This one is your basic parsing error, and hopefully easily fixed.
Basically the return statement will not work without a value to return,
unless you have a () after it (which I assume is not "correct" syntax,
but also not really "wrong" syntax (but I will leave that for the
language-designers to figure out)). Here are some basic tests I put
into t/statements/return.t which illustrate the issue.
eval 'sub bar { return }';
eval_is('bar()', undef, '... bare return statement returned undef');
sub bar2 { return() }
is(bar2(), undef, '... bare return statement w/ parens returned undef');
eval 'sub foobar { return if 1; }';
eval_is('foobar()', undef, '... bare return worked with a statement
modifier');
sub foobar2 { return() if 1; }
is(foobar2(), undef, '... bare return worked with a statement
modifier');
- Stevan
=====================
arrays of arrays
hash of hashes
etc.
@ar.elems
@ar.last
=====================
Warm Regards
Lev Selector
I've fixed everything except this. I'm not exactly sure how the postfix
form of "if" is supposed to work here, because the first thing the
parser tries is to parse it as return(if(1)), as a valid expression itself.
As Perl6 parsing is supposed to require no lookaheads, I wonder how
we are to tackle this. Ideas?
Thanks,
/Autrijus/
That's why there's a statement_control:<if>, and there's a
statement_modifer:<if>, but there's no prefix:<if>. If you see
a statement modifier in the middle of an expression, it must be
interpreted as a statement modifier regardless of the context.
Statement modifiers are among the "most reserved" words in Perl.
So despite the fact that return parses like a list operator and
expects a term after it, the "if" is acting a bit like a semicolon.
If you want to embed a statement control inside an expression, you
have to use "do". We're thinking about allowing "do" without curlies
before any statement_control so that you could say
$x = do if $x { $y } else { $z }
But to make that work we'd have to give a different name to do-FILE
(which we're going to do anyway, so that's not a problem). And that
gives us a way to write the rather useful
$x = do given $x {
when 0 { 'a' }
when 1 { 'b' }
when 2 { 'c' }
default { '?' }
}
I expect general do-EXPR is disallowed. It's only bare blocks and
other statement beginnings that can follow "do". But that includes labels,
so you can say things like:
$x = do LINE: loop {
...
next LINE;
...
}
which there's no way to say in Perl 5 without do-{}.

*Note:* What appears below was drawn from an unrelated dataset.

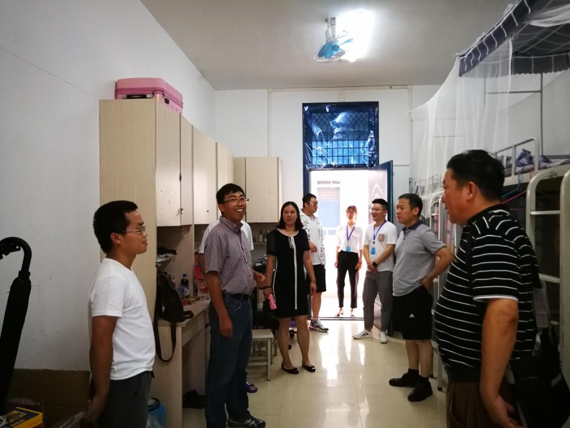 新学期伊始,为了解同学们的返校及学习生活情况,8月30日下午,2138CC太阳集团党委书记曹文献、常务副院长熊彬、党委副书记陶剑飞、副院长吕玉增带领各年级辅导员及班主任走访了学生宿舍,深入了解学生们的到校情况和学习生活情况,并带去学院的关心和问候。

: As Perl6 parsing is supposed to require no lookaheads, I wonder how
: we are to tackle this. Ideas?
One-token lookahead is fine. It's the arbitrarily long lookahead we're
trying to avoid. Or to put it the other way around, if you have to
backtrack, you've got an error, so use the backtracking capability
to try to give a good error message rather than trying to guess what
they mean. You can backtrack and continue parsing, but only to try
to determine what alternate choice might have made it come out better,
so you can give the befuddled user an intelligent "Did you mean..." hint.
Larry
Aye. Is there an idea on how the two forms of `if` would be defined
using plain Perl 6?
> So despite the fact that return parses like a list operator and
> expects a term after it, the "if" is acting a bit like a semicolon.

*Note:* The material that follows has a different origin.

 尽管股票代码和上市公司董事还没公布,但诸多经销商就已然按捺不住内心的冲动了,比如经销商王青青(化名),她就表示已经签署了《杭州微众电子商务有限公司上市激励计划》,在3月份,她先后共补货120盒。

Got it. What if the user had defined a prefix form of `if`, though?
Is it resolved using the precedence table?
Thanks,
/Autrijus/
That's exactly what the syntactic category syntax is for, and why
parsing has to be done indirectly in terms of syntactic categories,
if you'll recall my message of some weeks ago on parser states.
: > So despite the fact that return parses like a list operator and
: > expects a term after it, the "if" is acting a bit like a semicolon.
:
: Got it. What if the user had defined a prefix form of `if`, though?

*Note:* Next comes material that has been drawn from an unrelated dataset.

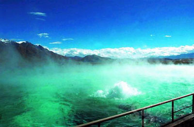 地殼運動造就了世界屋脊,同樣也造就了最火爆的地?zé)豳Y源。羊八井位于拉薩西北方,西藏念青唐古拉山下的盆地內(nèi),占地面積約15平方公里。兩側(cè)是高聳入云的皚皚雪山、冰川,中間盆地則是一汪汪火熱的溫泉。不遠(yuǎn)萬里來這里“享!钡,沒有人失望而歸。

: Is it resolved using the precedence table?
Since the prefix syntactic category is only recognized where a term
is expected, I would guess that one of two things would happen.
Either you end up in a situation where a term expectation sees
prefix:<if> and operator expectation sees statement_modifier:<if>,
or both still see the statement_modifier:<if> and prefix:<if> is
effectively invisible. I can argue that one both ways, but I lean
toward the latter interpretation on the basis that someone could
really mess themselves up defining an "interface" function with a
sub if {...}
declaration. On the other hand, maybe we could allow the split
interpration if "if" is defined as a macro, which is less likely to
happen accidentally than "sub if". But that seems a bit hacky. I
think if people really want to override statement modifiers, they
should do it with an explicit grammar munge that elevates prefix:<foo>
to hide statement_modifier:<foo>. By default statement modifiers
are true reserved words, I think.
Larry
Hrm, sorry if it has been covered before, but I was asking for
the code that defines statement_modifier:<if> itself, something like
this:.
sub statement_modifier:<> ($x) is parsed(rx:p/[if|unless]/) {...}
sub statement_modifier:<if> (Expression $body, Expression $cond) {
...
}
except I'm not quite sure of the syntax above, and what to fill in the
"..." part.
> declaration. On the other hand, maybe we could allow the split
> interpration if "if" is defined as a macro, which is less likely to
> happen accidentally than "sub if". But that seems a bit hacky. I
> think if people really want to override statement modifiers, they
> should do it with an explicit grammar munge that elevates prefix:<foo>
> to hide statement_modifier:<foo>. By default statement modifiers
> are true reserved words, I think.
Okay, then I'll make prefix:<if> invisible. :)
Thanks,
/Autrijus/
: These things don't work in pugs yet, right?
:
: =====================
: arrays of arrays
: hash of hashes
: etc.
:
: @ar.elems
: @ar.last
I'm not sure about AoA's, HoH's, etc. since I don't have a working
pugs installation (yet), due to ghc not compiling properly.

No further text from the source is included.